Bienestar

Prevención para una correcta higiene bucal

Prevención para una correcta higiene bucal


La prevención es la herramienta más eficaz, económica y la de mayor alcance con la que se cuenta para evitar caries y enfermedades periodontales. El objetivo primordial de una correcta y habitual higiene es el control de la placa microbiana, o lo que en un lenguaje popular conocemos como sarro. Estar consiente de esto, genera en el paciente una motivación adicional y será un pilar fundamental de una salud bucal ideal.

La higiene oral viene acompañada de dos pasos esenciales para que esta se mantenga, que como lo es el cepillado dental y la limpieza interdentaria.

Con el uso del cepillado como parte de la higiene oral se logra el control mecánico de la placa microbiana interfiriendo en su formación y desarrollo. El cepillado dental junto a la utilización de cremas dentales fluorados representa el método de higiene más difundido y habitual.

La duración aproximada del cepillado para lograr una correcta higiene es de tres minutos, no es necesario enjaguarnos o mojar el cepillo con agua antes de ser llevado a la boca.

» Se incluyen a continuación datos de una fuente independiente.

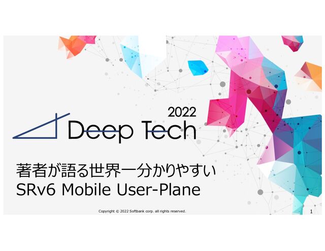 Network Programming nSegmentが提供する機能(Function)を定義する n実⾏する機能をIPv6 Addressの中にエンコーディングする Locator Function Argument 128bit IPv6 Address A B C D E X F 2001:DB8:0:B:(Locator) Payload SRH(A,B,E,F) Src=X, Dst=F 1:1: à func1 1:2: à func2 Next Header Hdr Ext Length Routing Type Segment Left = 3 Last Entry Flags Tags Segment List[0] 2001:DB8::F Segment List[1] 2001:DB8::E Segment List[2] 2001:DB8:0:B:1:1::1 Segment List[3] 2001:DB8::A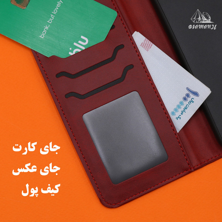 کیف کلاسوری دیامانته مدل Bandaviz Gn یک کیف درجه یک با قابلیت های بالا است که امروزه در بازار ایران عرضه می شود.این کیف از جنس چرم مصنوعی و فوم تشکیل شده و کاملا با دوام و مقاومت بالا ساخته شده است.این کیف از چرم مصنوعی براق ساخته شده برای جلوه بیشتر و متمایز کردنش از بقیه جنس های مشابه در بازار می باشد.قاب داخلی این کیف از جنس TPU ساخته شده و انعطاف پذیری بسیار بالایی دارد.یک قفل مگنتی قوی برای باز نشدن درب کیف شما تهیه شده است.در اصل شما با تهیه این کیف,با یک تیر 3 نشون میزنید:یک قاب یا کاور با کیفیت وزیبا برای تلفن همراه خود تهیه کردین دو دیگ نیازی به خرید محافظ لنز نیست چون این قاب محافظ لنز دوربین هم دارد و گزینه سوم هم اینکه شما صاحب یک کیف پول تمامو کمال شدین چون این کیف دارای بند مجزا ، جای کارت برای کارت های عابر,مترو و ...شما است.دسترسی آسان به درگاه ها,قابلیت تبدیل شدن به استند و بند مچی بسیار قوی از جمله قابلیت های این قاب است.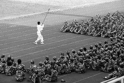 12日,在青岛大学操场上,大二和大三的学生在军训休息时为新生表演节目o据介绍,每个学院都派学生在军训期间为新生穿插表演节目,这样做不仅可以缓解枯燥的军训,而且还可以加强学生之间的交流o 本报记者杨宁摄影报道

Es recomendado que cambiemos nuestro cepillo dental cada tres meses, o en su defecto cuando ya las cerdas estén deterioradas.

Es importante hacerles hincapié en el cepillado nocturno, ya que durante el sueño se ha registrado poco movimiento de los músculos de mejillas, labios y sobre todo lengua disminuyendo su actividad, la producción de saliva y fluidos gingivales que ayudan a combatir la placa bacteriana; y seguir habitualmente con el hábito del cepillado después de cada comida.

La limpieza interdentaria o uso de hilo dental es esencial para mantener una buena higiene oral, ya que con el solo cepillado no eliminamos todos los gérmenes de la cavidad oral. Es preferible el uso del hilo dental antes del cepillado por lo menos una vez al día. El hilo dental se debe comenzar a utilizar a partir de los 6-9 años, dependiendo de cada niño en particular, según su maduración psicomotriz.

La limpieza de los dientes debe comenzar con la erupción del primer diente y continuar durante toda la vida.